סמינר בניהול טכנולוגיה ומערכות מידע
Speaker: Dana Turjeman, Assistant Professor, Arison School of Business, Reichman University
Title: “Privacy Preserving Data Fusion”
Abstract: Data fusion - the combination of multiple datasets - is a powerful technique to make inferences that are more accurate, generalizable, and useful than those made with any single dataset alone. However, when data fusion involves user-level data, the technique poses a privacy hazard due to the risk of revealing the identities of users.
We propose a privacy preserving data fusion (PPDF) methodology, intended to preserve user anonymity while allowing for a robust and expressive data fusion process. PPDF is based on variational autoencoders (VAE), and on a nonparametric Bayesian generative modeling framework estimated in adherence to differential privacy (DP) - the state-of-the-art theory for privacy preservation.
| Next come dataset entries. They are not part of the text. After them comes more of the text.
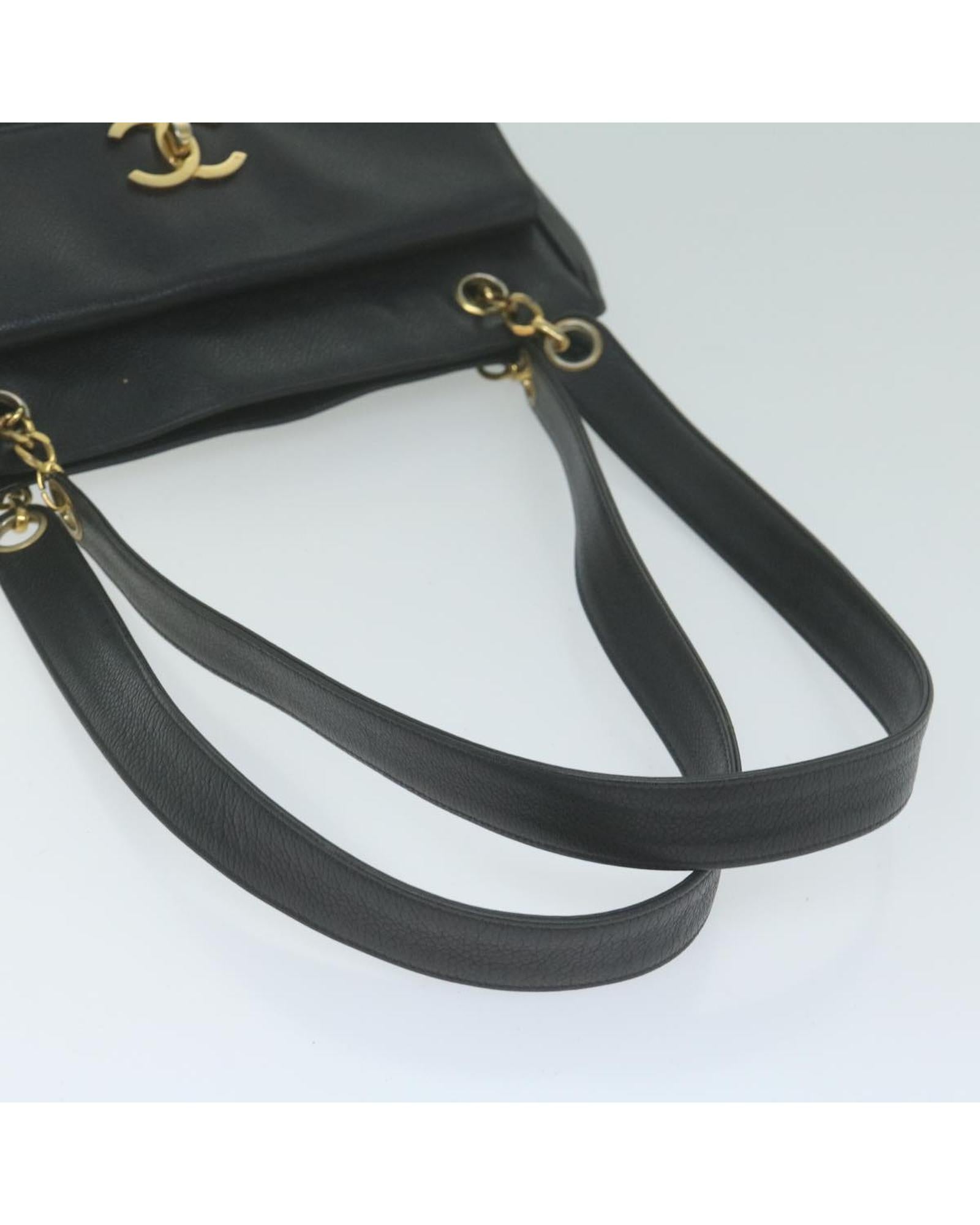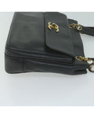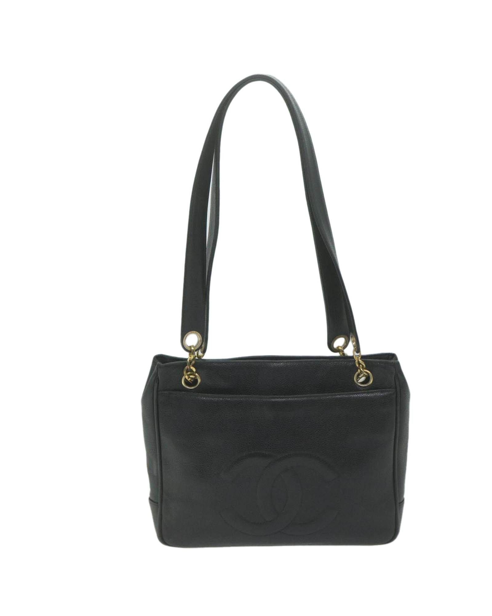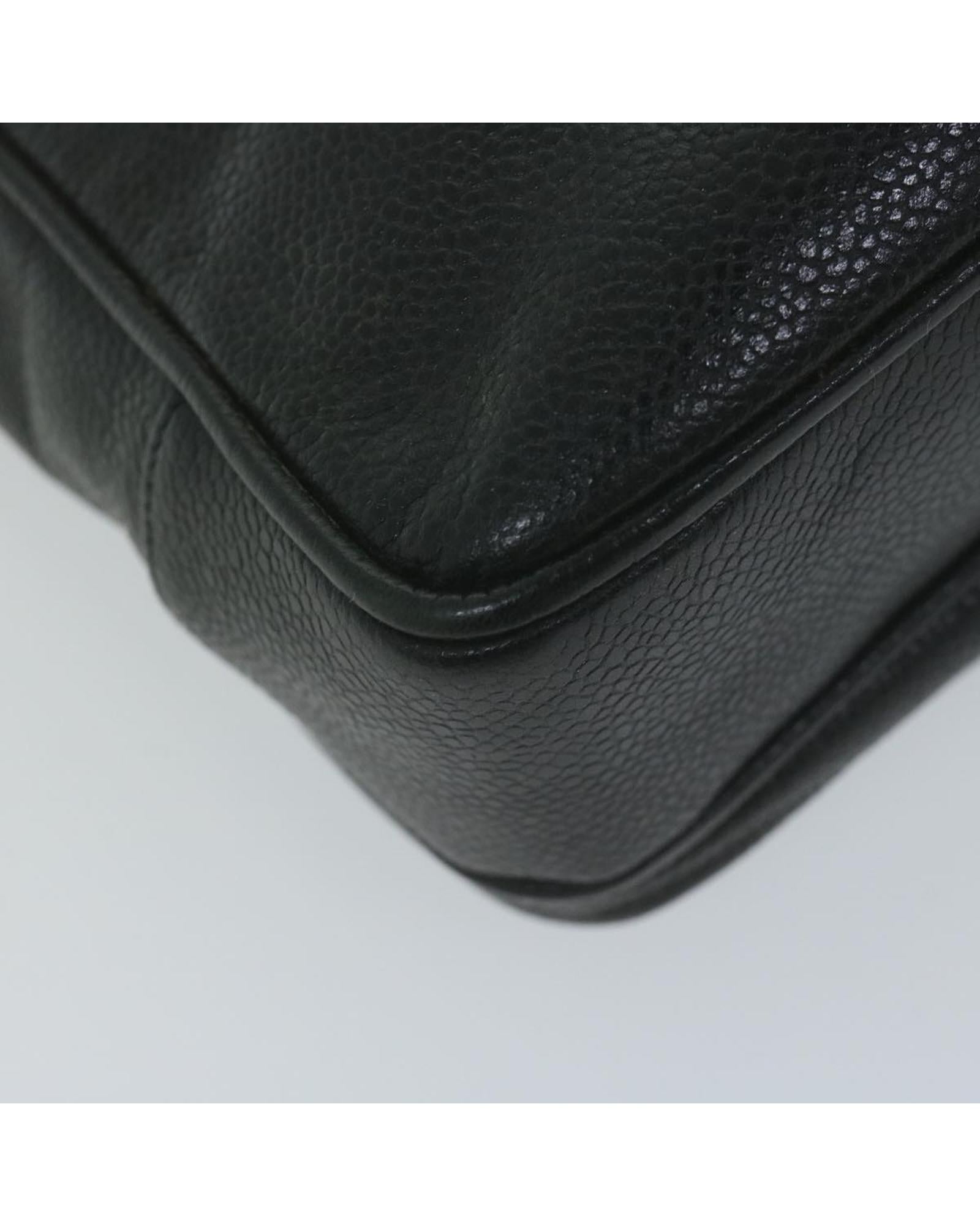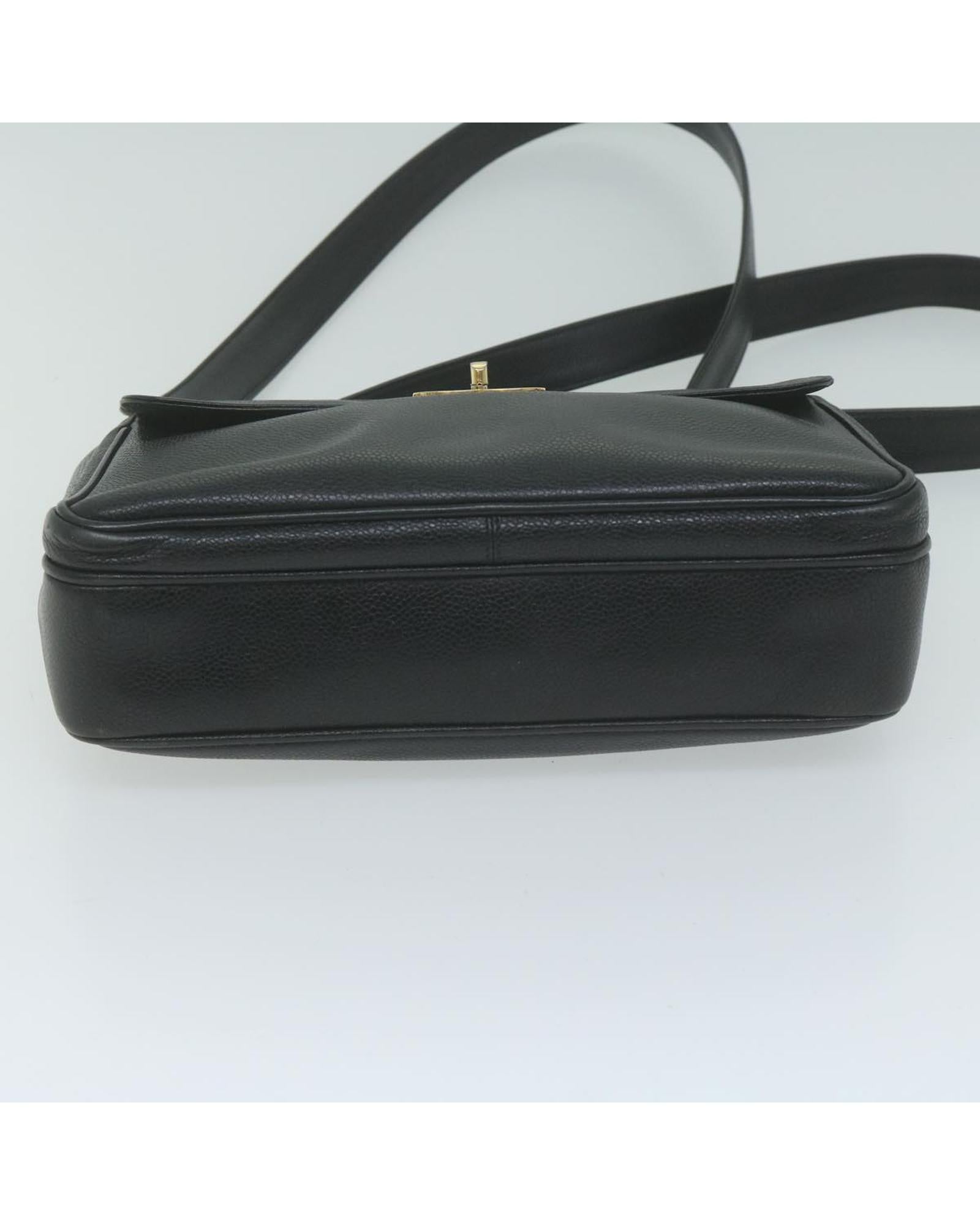 Black Caviar Skin Chain Shoulder Bag with Turn Lock
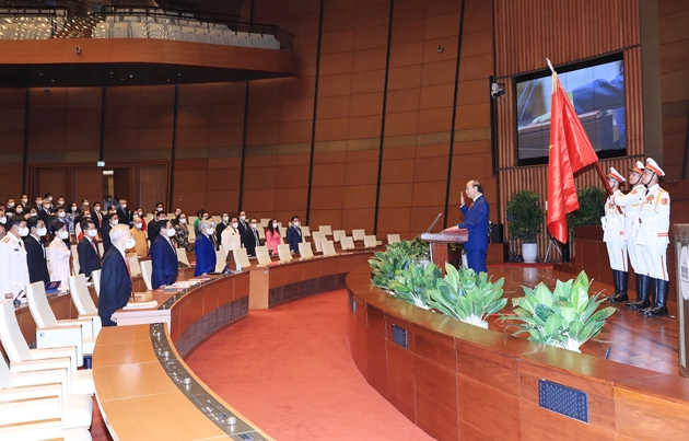 Dưới cờ đỏ sao vàng, Chủ tịch nước Nguyễn Xuân Phúc hứa trước Quốc hội và đồng bào sẽ luôn tu dưỡng đạo đức, cần kiệm liêm chính, chí công vô tư, thượng tôn pháp luật và tuyệt đối tuân thủ Hiến pháp, thực hiện trọn vẹn đầy đủ mọi nhiệm vụ, quyền hạn của Chủ tịch nước.
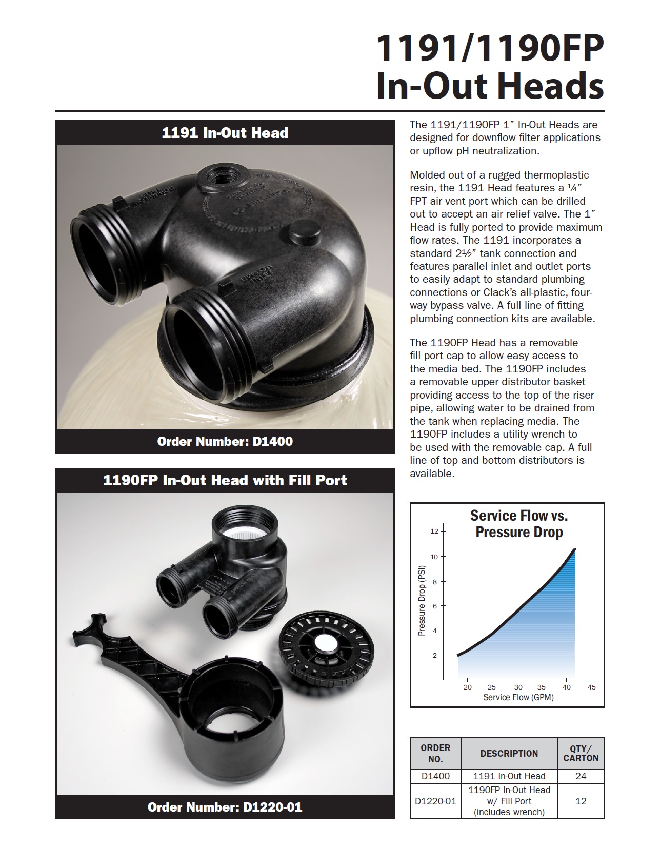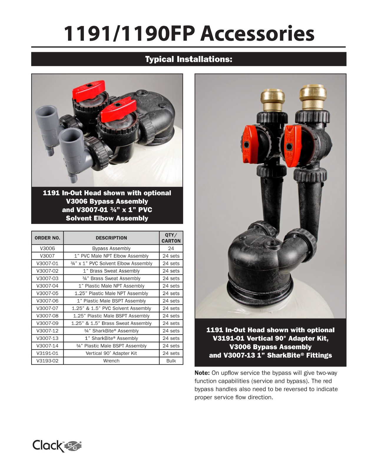 Modelis 1191 izmanto standarta 2½’’ tvertnes savienojumu un tam ir paralēli ieplūdes un izplūdes porti, kas viegli pielāgojas standarta santehnikai vai Clack plastmasas četrvirzienu apvades vārstam. Pieejami pilni savienojumu komplekti.
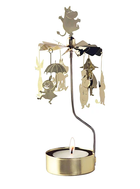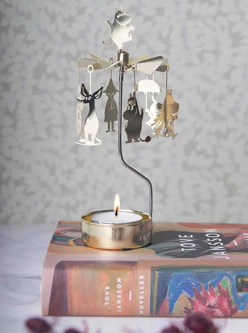 Tanzende Mumin Familie im Kerzenschein! Sobald das Teelicht brennt, drehen sich die Mumin-Figuren und werfen schöne Schatten an die Wände. Dieses Engelspiel verzaubert nicht nur Muminfans!
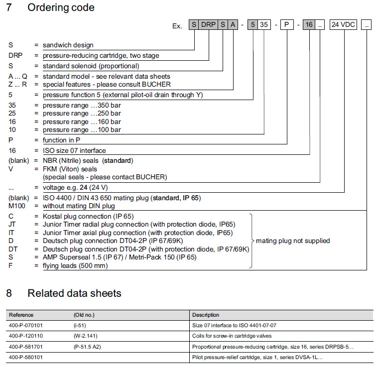 SDRPSA-535-P-16,SDRPSA-525-P-16,SDRPSA-516-P-16,SDRPSA-510-P-16,Bucher比例減壓閥
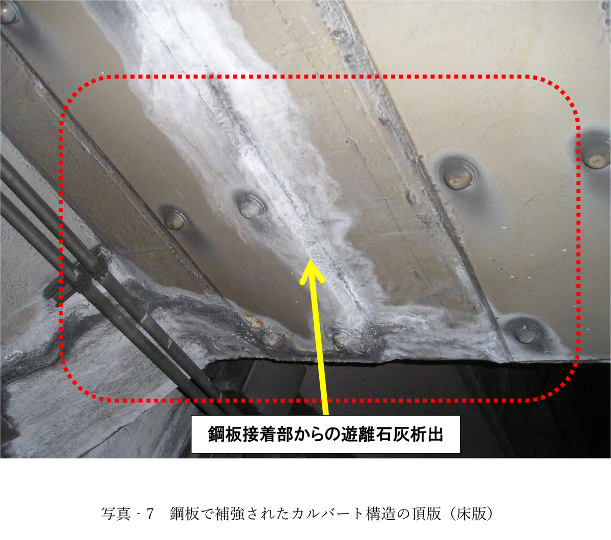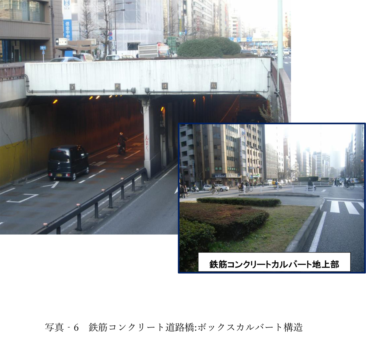 桁下高は、建築限界からある程度確保されているとは思うが、径間長が短いことから自動車から排出されるガスの影響が想定される。全体の傾向は、青の破線で示すように経年による健全度悪化が見られるがこれも断定できるほどではなかった。ここで鉄筋コンクリート道路橋と言うよりもトンネル構造物とする方が相応しい事例を紹介しよう。写真-6は、幹線道路のアンダーパスであるが、構造形式はボックスカルバート、道路と交差することから適合する基準は道路橋示方書を使い、一等橋として設計された道路橋扱いとなっている。橋長は、147.0m~58.5m、幅員は25.4m~13.6mの中柱のある鉄筋コンクリート2ボックス構造である(一般的なボックスカルバート道路橋とは、規模、使用環境が大きく異なっている)。道路橋として使われているのは、全面積の40%程度で、残りは緑地帯等として使われている特殊な構造体である。当該箇所を含め同一路線の同構造の橋梁は、供用開始後55年経過し、作用荷重の変更(TL-20からT-25)やひび割れ、漏水等の変状発生から鋼板接着工法によって補強した。
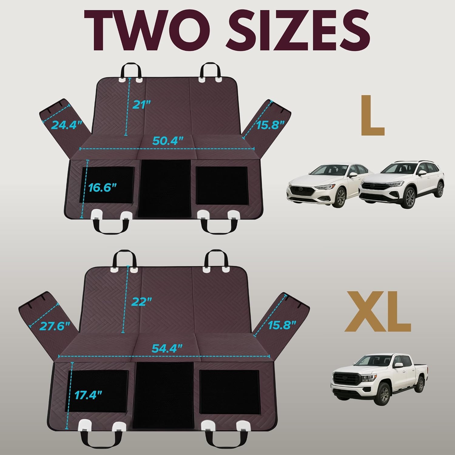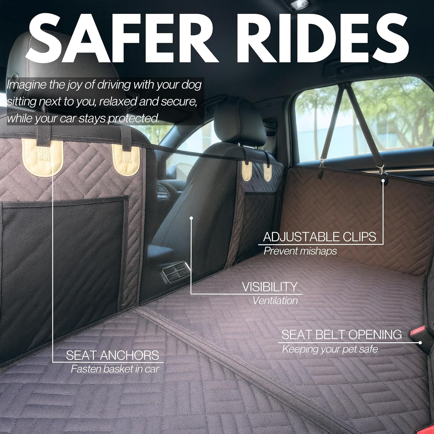 <br>Expanded Space & Secure Support – Holds Up to 400 lbs: Transform your back seat into a safe and spacious area for your dog with our reinforced L seat extender. Designed for large and extra-large dogs and multi-pet families, its sturdy hard-bottom structure supports up to 400 lbs, preventing falls into the footwell and ensuring maximum stability on every trip.<br>Premium Comfort with High-Quality Materials: Made with 8 layers of protection, including 600D Oxford fabric, high-density foam padding, and a non-slip base, our back seat extender is waterproof, scratch-resistant, and ultra-comfortable. Provides firm yet cushioned support, perfect for long road trips without stress.<br>Anti-Slip & Secure Fit for a Safer Ride: No more slipping and shifting! Our anchor system, non-slip rubber backing, and removable support plates ensure the cover stays firmly in place, keeping your pet safe and secure while you drive.<br>Breathable Mesh Window & Storage Pockets: The front mesh window improves airflow and reduces your dog’s anxiety by allowing clear visibility of you during the ride. Plus, it includes large storage pockets to keep toys, treats, and leashes organized and within reach.<br>Easy Installation & Convenient Storage: Designed for quick, hassle-free installation, simply attach the adjustable straps and secure the anchors in seconds. Its foldable design allows for compact storage in the included travel bag, saving space when not in use.
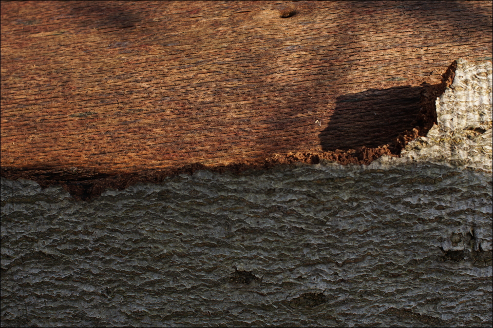 “Zwischen Baum und Borke” literally means: between the tree and its bark. While Germans can be stuck there, the English would rather be stuck between a rock and a hard place. [Those of you who subscribe to this blog will know that I love those relics of trees; they were photographed in the same area as the two most recent Watching the Game posts.]
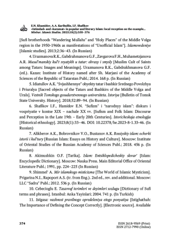 6. Шафиков И.Ф., Хамидов Е.Н. «Суфизм» и «народный ислам»: дискурс и восприятие в конце XIX - начале XX вв. Историческая этнология. 2023;8(1):33-46. https://doi.org/10.22378/he.2023-8-1.33-46
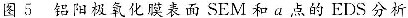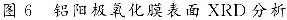 超声波由于其强烈振动与空化作用而被广泛用于电镀、化学镀、磷化和超声波清洗等表面处理技术中,其在铝阳极氧化工艺的应用近年来也逐渐有所研究。实验将超声波作用于铝阳极氧化过程中,并通过扫描电镜、EDS、XRD分析观察超声波对阳极氧化膜结构的影响,结果见图5和图6。
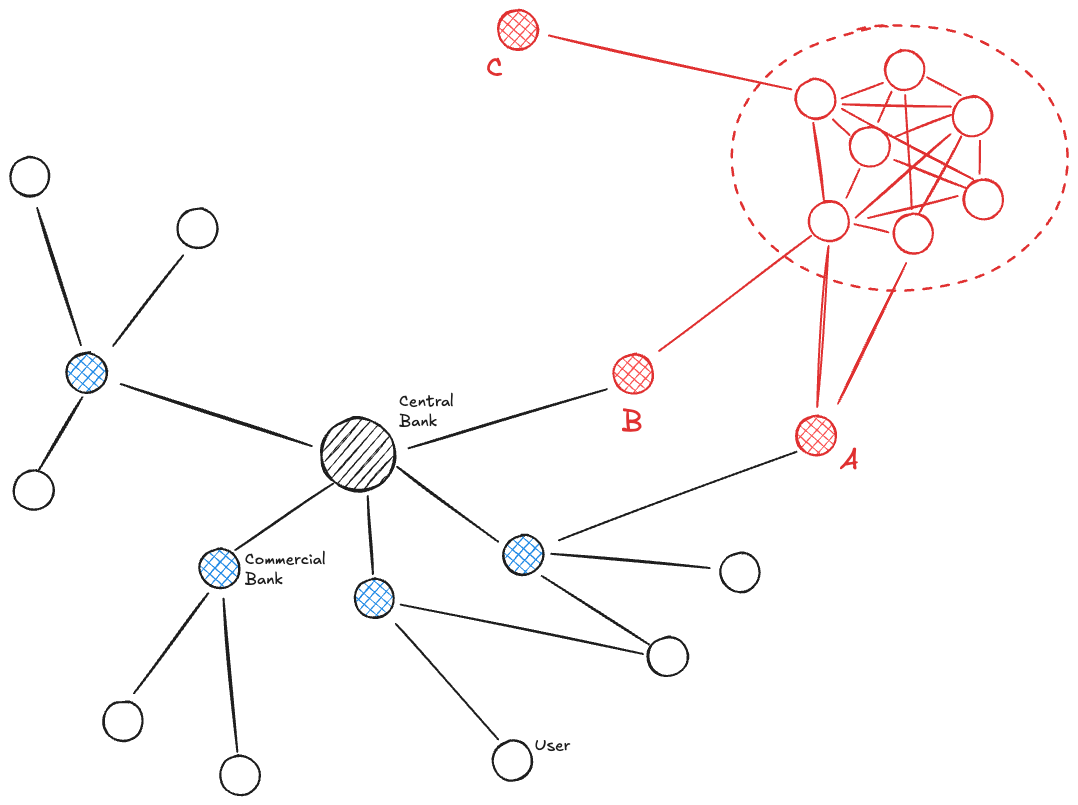 当前的稳定币格局最好理解为分层拓扑。子图(通常被称为区块链经济)充当网状网络,但其货币信号是通过一小部分看门人注入的。发行人 A、B 和 C 充当代理,将价值传输到网络中。发行人 A 和 B 锚定到中心化的主权货币体系;发行人 C 独立运作,在该核心之外。尽管上游对齐方式存在这种差异,但这三个发行人都充当网状网络中的货币入口点。结果是信号受到污染:价值通过不同的第一性原理进入网络,但在子图中被视为(几乎)可替代的。同时,拓扑结构引入了脆弱性。大多数货币信号由少数中心化参与者中介 —— 使得为弹性设计的网络越来越依赖于单一故障点。
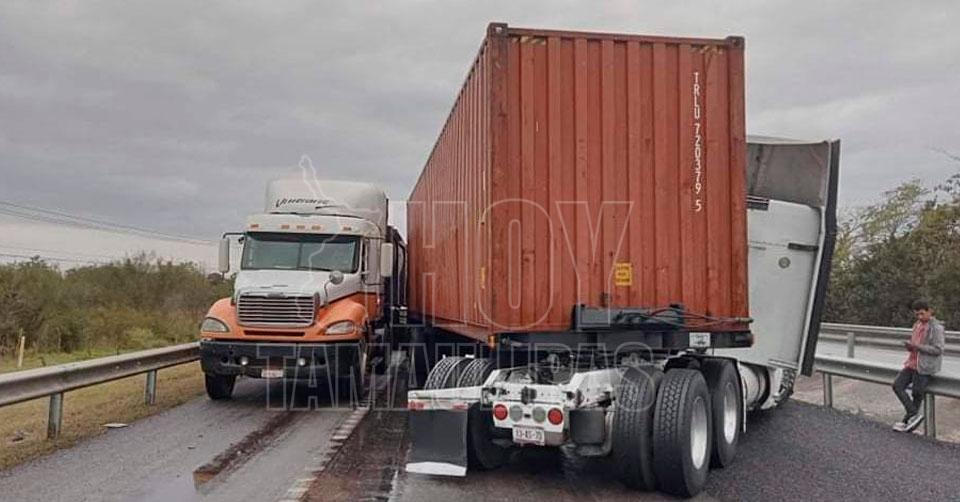 Pavimento mojado genera accidente de tracto camión en Altamira
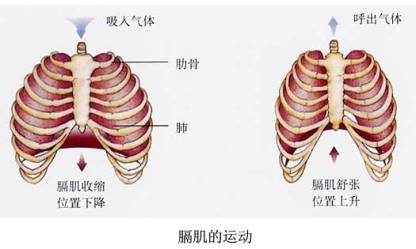 吸气:膈肌、肋骨间的肌肉收缩→胸腔容积扩大→肺扩张→肺内气压缩小→吸气。
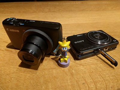 左のS200はレンズエラーで意識不明。 右のWX100は、仕事の大先輩から頂いたもの。 でも内臓が飛び出してしまう。 |
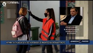 Ο Γρηγόρης Κατωπόδης επεσήμανε μεταξύ άλλων ότι κάθε φορά που εμφανίζονται κρούσματα κορονοϊού στα σχολεία, πρέπει να γίνονται τα απαραίτητα τεστ σε μαθητές και εκπαιδευτικούς έτσι ώστε να εξασφαλίζεται, τόσο η προστασία των υπόλοιπων μελών της σχολικής κοινότητας, όσο και οι προϋποθέσεις, ώστε το σχολείο να συνεχίσει να λειτουργεί κανονικά. "Με τις δύο επιστολές που στείλαμε στους Υπουργούς Εσωτερικών και Παιδείας ζητήσαμε χρηματοδότηση από την Πολιτεία για να μπορούμε να κάνουμε αυτά τα τεστ που είναι αναγκαία", τόνισε χαρακτηριστικά ο Δήμαρχος Βύρωνα μιλώντας στην εκπομπή "Δημοσκοπήσεις" και το δημοσιογράφο Γιώργο Λαιμό.

PPDF does not require the same users to appear in both datasets when making inferences on the joint data, and explicitly accounts for missingness in each dataset by leveraging additional variation in the other to correct for sample selection.
Moreover, PPDF is model-agnostic: it allows for inferences to be made on the fused data, without the analyst specifying a model a priori, and does so without the original datasets ever coming in contact on a single machine or model.
We undertake a series of simulations to showcase the quality of our proposed methodology, and describe a planned fusion of a large customer dataset from a matchmaking website with a detailed, anonymous survey that was taken on the same population. This is illustrating the power of PPDF methodology to infer customers' stated and revealed preferences. We conclude with a discussion of other possible use-cases.